* What to produce: Going line by line through the records below, write out everything starting with the line containing "- HWg-SH4 je" and going on through the line containing "1620 aluminium plastic", exactly and inclusively. Pictures do not go in.

* Supplied material:
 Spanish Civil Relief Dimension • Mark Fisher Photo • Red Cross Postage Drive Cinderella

...

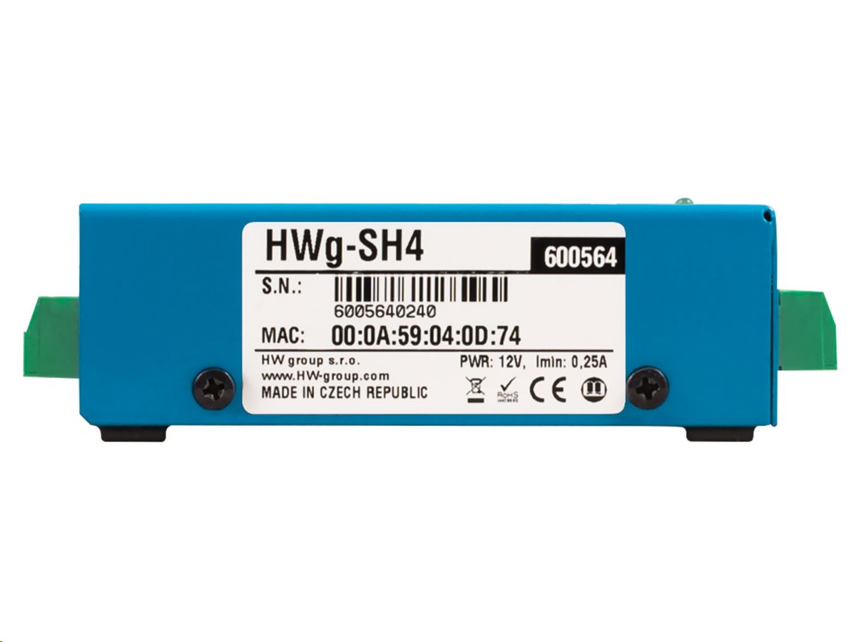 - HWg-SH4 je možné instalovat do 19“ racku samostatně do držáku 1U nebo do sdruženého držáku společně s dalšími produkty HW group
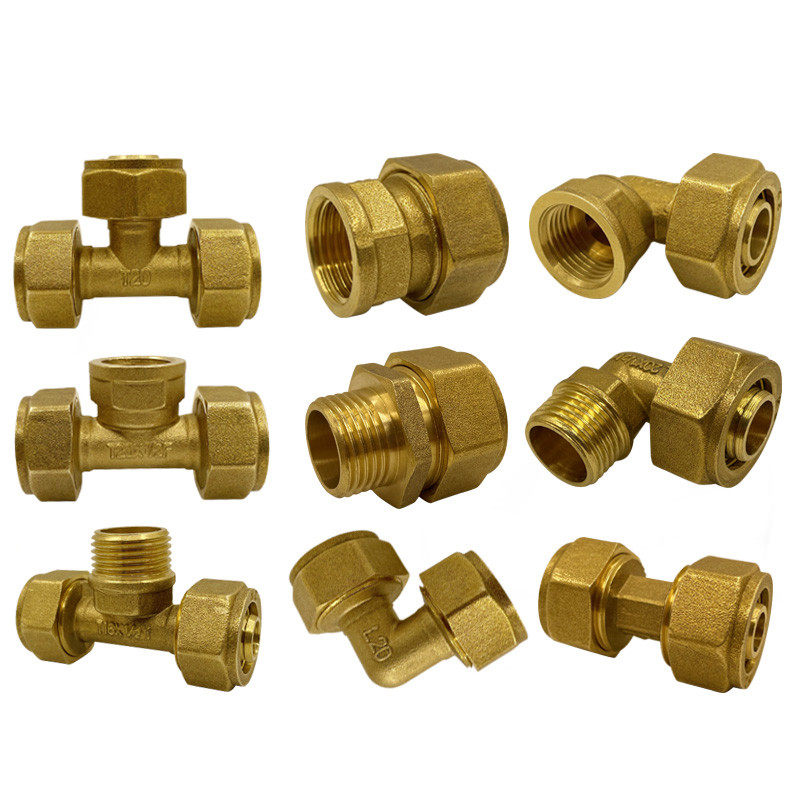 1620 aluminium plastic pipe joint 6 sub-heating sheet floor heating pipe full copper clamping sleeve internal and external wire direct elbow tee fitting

...

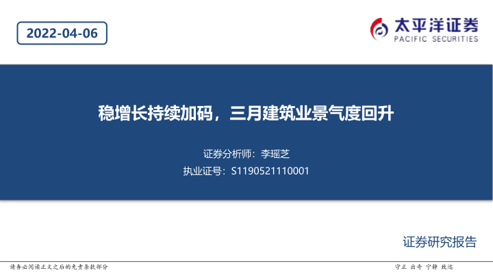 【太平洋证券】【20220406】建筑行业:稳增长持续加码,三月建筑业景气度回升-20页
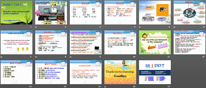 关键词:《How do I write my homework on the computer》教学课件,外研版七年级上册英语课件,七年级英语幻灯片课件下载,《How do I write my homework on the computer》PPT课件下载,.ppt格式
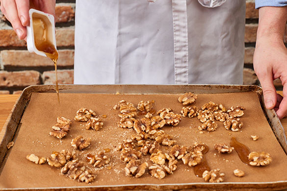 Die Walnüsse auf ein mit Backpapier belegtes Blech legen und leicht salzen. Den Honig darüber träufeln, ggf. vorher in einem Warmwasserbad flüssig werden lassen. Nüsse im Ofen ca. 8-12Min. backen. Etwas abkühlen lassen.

* Output for this task:
 - HWg-SH4 je možné instalovat do 19“ racku samostatně do držáku 1U nebo do sdruženého držáku společně s dalšími produkty HW group
 1620 aluminium plastic pipe joint 6 sub-heating sheet floor heating pipe full copper clamping sleeve internal and external wire direct elbow tee fitting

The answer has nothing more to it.